A Quality Improvement Initiative Targeting Chronic Kidney Disease Metrics Through Increased Urinary Albumin Testing
Copyright © 2020 The Permanente Press. All rights reserved..
INTRODUCTION: Achievement of quality metrics in chronic kidney disease (CKD), specifically urinary albumin testing and angiotensin-converting enzyme inhibitor (ACEi) or angiotensin receptor blocker (ARB) use, remained lower in Kaiser Permanente Northwest compared with other Kaiser Permanente regions. We were interested if more frequent testing of urine albumin (ACR) improved CKD quality metrics.
METHODS: We implemented a quality improvement project automating ACR testing using an informatics tool in patients with stage 3 CKD linked to an electronic health record (EHR) alert recommending ACEi or ARB initiation in patients with renal indication.

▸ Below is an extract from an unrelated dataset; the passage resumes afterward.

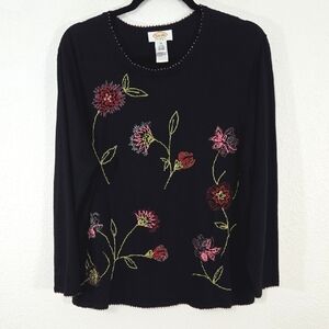 TALBOTS Black Embroidered Floral Beaded Lightweight Sweater, Size 1X. Lovely, vibrant floral embroidery on front and back. Beaded detail along neckline, hem, and sleeves. Gently pre-owned in excellent condition.

RESULTS: At 1 and 2 years after implementation of ACR testing, ACR testing increased from 26.9% prior to implementation to 83% at 1 year and 77% at 2 year after implementation (p < 0.001). However, ACEi or ARB use did not increase significantly (65.8% vs 65.7% vs 66.4%, p = 0.54). There was also no significant change in other quality metrics, including diabetes control, hypertension control, and comanagement of higher-risk CKD patients.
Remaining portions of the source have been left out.